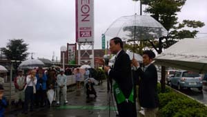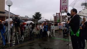 あいにくの雨の中でしたが、上の写真のように200名を超える大勢の方が応援に詰めかけ、鈴木燕市長・國定三条市長より激励の応援を頂き、森たみお候補が新潟県に対する熱い思いを強く訴え、皆さんから大きな期待が寄せられました。
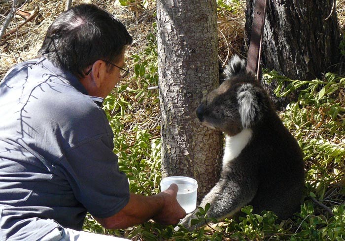 That koala was actually up a pine tree. I took the water over to it and it came down to get it.
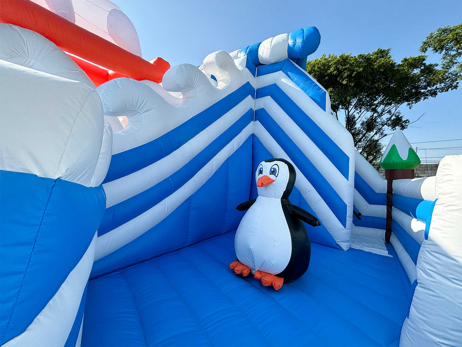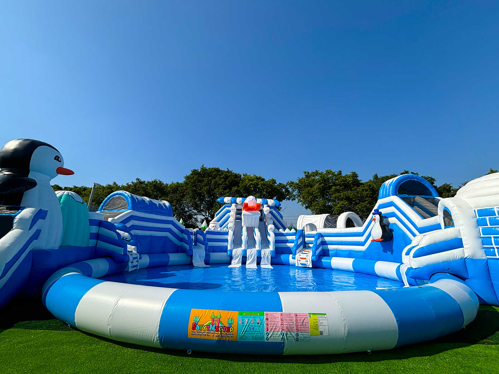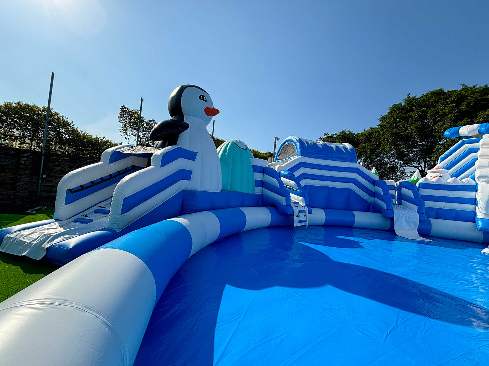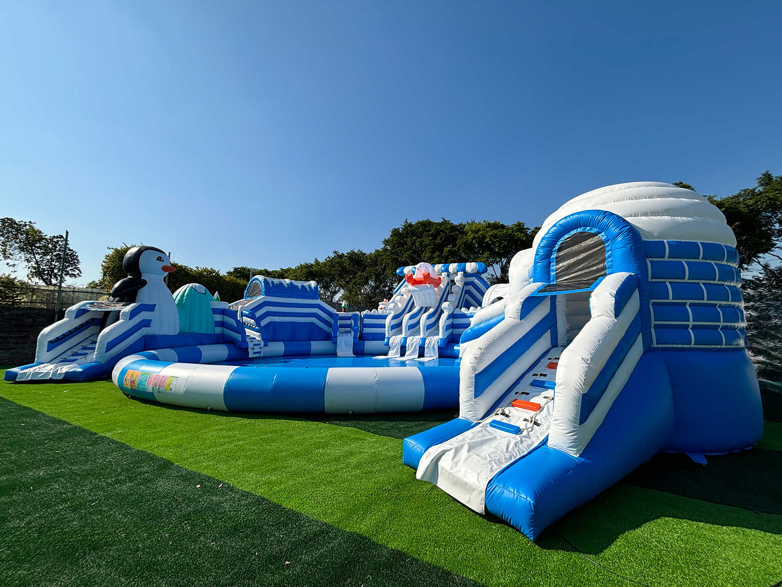 Аквапарк «Морское царство 3» — это не просто надувной аквапарк, это целый мир зимней сказки, воплощённый в масштабном водном комплексе размером 21x20x6 метров. Аттракцион создан для развлечений на свежем воздухе, идеально подходит для установки в парках, на пляжах, территориях аквапарков, гостиниц и детских лагерей. Яркий дизайн в бело-голубой гамме, фигурки пингвинов, медведей и снежных персонажей притягивают внимание с первого взгляда. Идеально для бизнеса, который хочет выделиться!
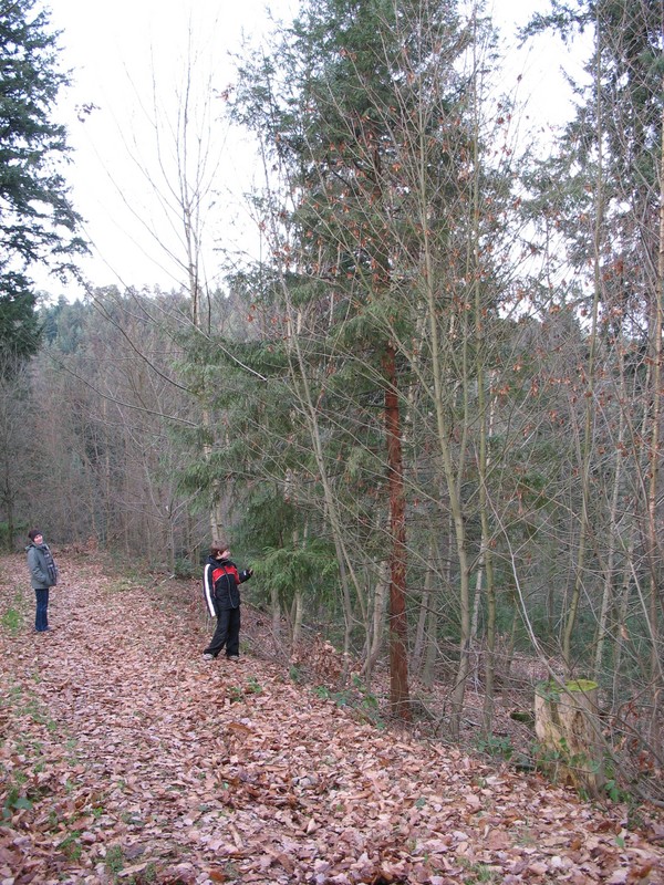 kaum einmal einen anderen Weg als sonst genommen, stießen bald auf diesen jugendlichen Redwood Sequoia sempervirens, ein Stück weiter kam eine ganze Schonung Sequoiadendron giganteum erst wenige Meter hoch. Eindrucksvoll auch die vielen - heimischen - Ilex aquifolium, mannsstark und weit über 10 m hoch. Knorrige Eiben und alles was man sich an Koniferen im Forst vorstellen kann auf kleinsten Raum. Laubbäume - jetzt natürlich eher unauffällig - auch das ganze Spektrum an einheimischen und eingebürgerten Waldbäumen und immer wieder mal ein unerwarteter Exot dazwischen. Das ist "Mischwald" im warsten Sinne des Wortes.
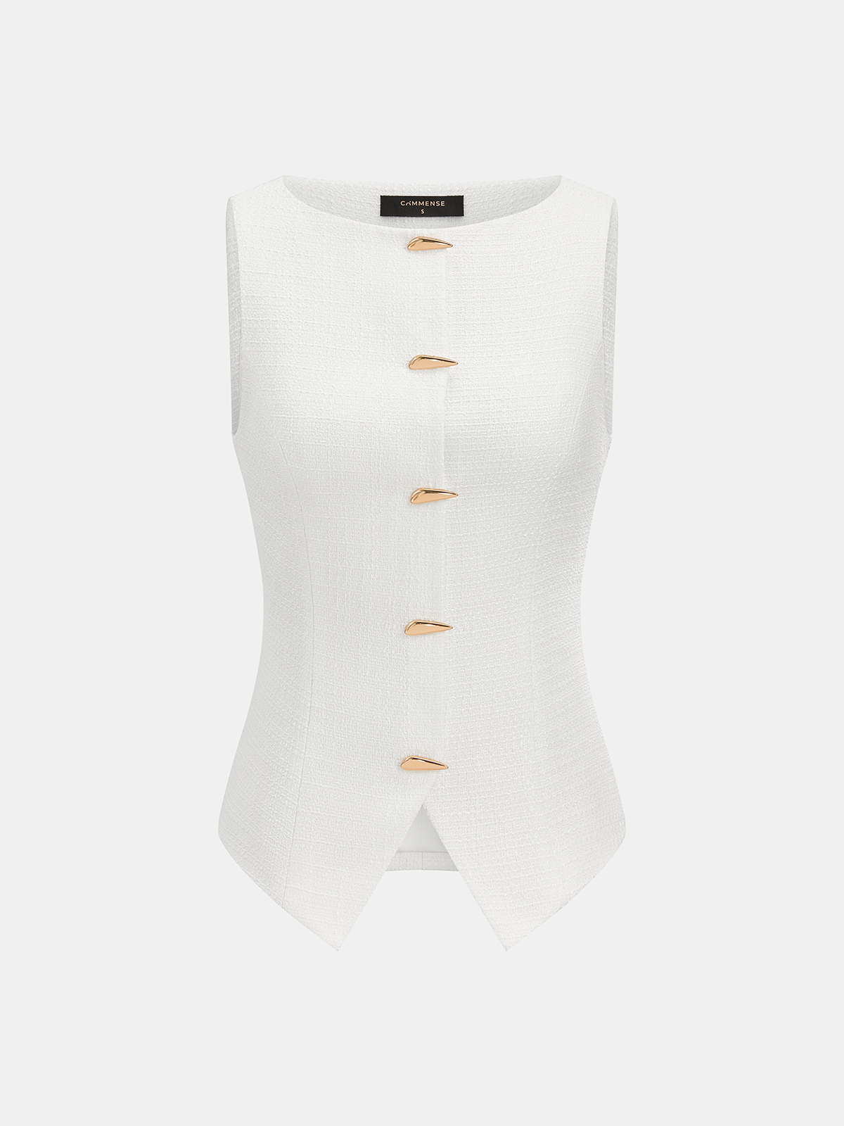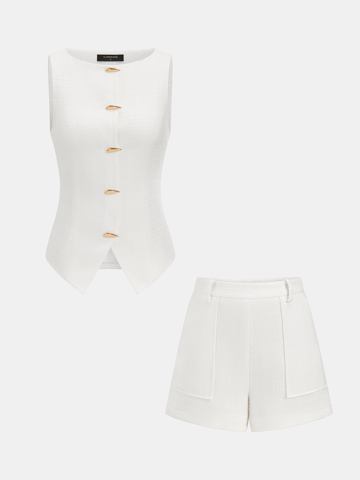 Tweed Sleeveless Metal Button Vest & Shorts Set
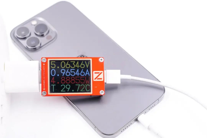 苹果20W PD充电器最初于2020年iPad Air 4发布会上亮相,支持9V2.22A 20W PD快充,使用充电器为iPhone 13 Pro Max充电,功率为8.98V 2.16A 19.49W。
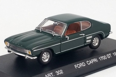 1:43rd scale diecast model made by Detail Cars, mounted on base with plexi cover and outer box.
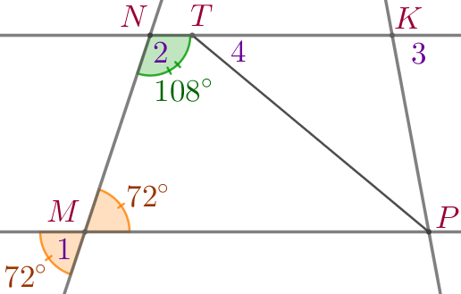 \(\displaystyle \angle NMP + \angle 2=72^{\circ}+108^{\circ}=180^{\circ}{\small,}\) то \(\displaystyle MP \parallel NK{\small.}\) |
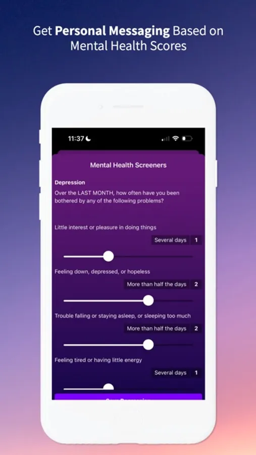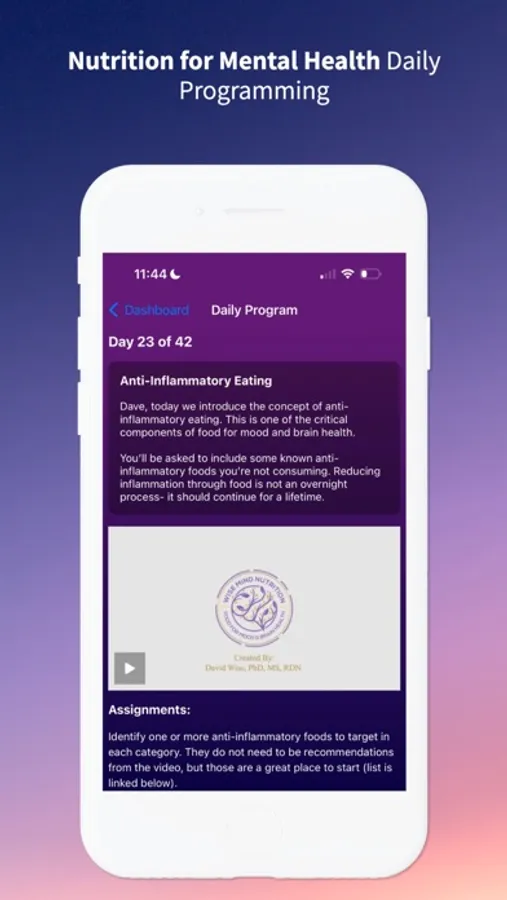 The program is personalized based on various mental health screening tools. Providing this data is not required but will create a personal experience allowing you to track your mental health progress over time. Wise Mind Nutrition was created to improve symptoms of:
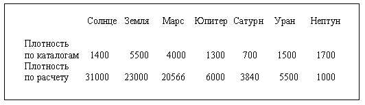 В результате расчетов были определены плотности и, соответственно массы планет. Полученные значения могут вызвать большие сомнения при их объективном анализе. Трудно согласиться, что звезда Солнце, в которой происходит термоядерная реакция, вызванная большой массой и большим уплотнением вещества в этой звезде, имеет плотность всего лишь 1400 кг/куб. м. Гигант Сатурн и того легче – 700 кг/куб.м., что равносильно плотности сухой древесины или тяжелого газа. Вычисление гравитационной постоянной в условиях земной гравитации в многочисленных попытках ученых всего мира имеют погрешность в пределах 1/1000.
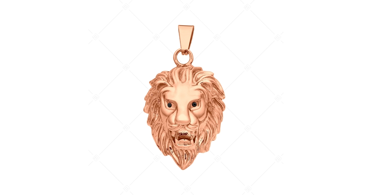Lion head pendant in 316L medical stainless steel with 18K rose gold plated finish.
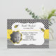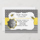 Este design tem bolinhas e impressões preto e branco da viga. Há duas abelhas da bolha que voam em torno do convite com um lugar pôr a foto da sua criança.
▬▬▬
**What the exercise asks:**
The output should hold only the lines from the one containing "Lion head pendant" through the last line of the listing, reproduced exactly, pictures omitted.

**Response to this task:**
Lion head pendant in 316L medical stainless steel with 18K rose gold plated finish.
 Este design tem bolinhas e impressões preto e branco da viga. Há duas abelhas da bolha que voam em torno do convite com um lugar pôr a foto da sua criança.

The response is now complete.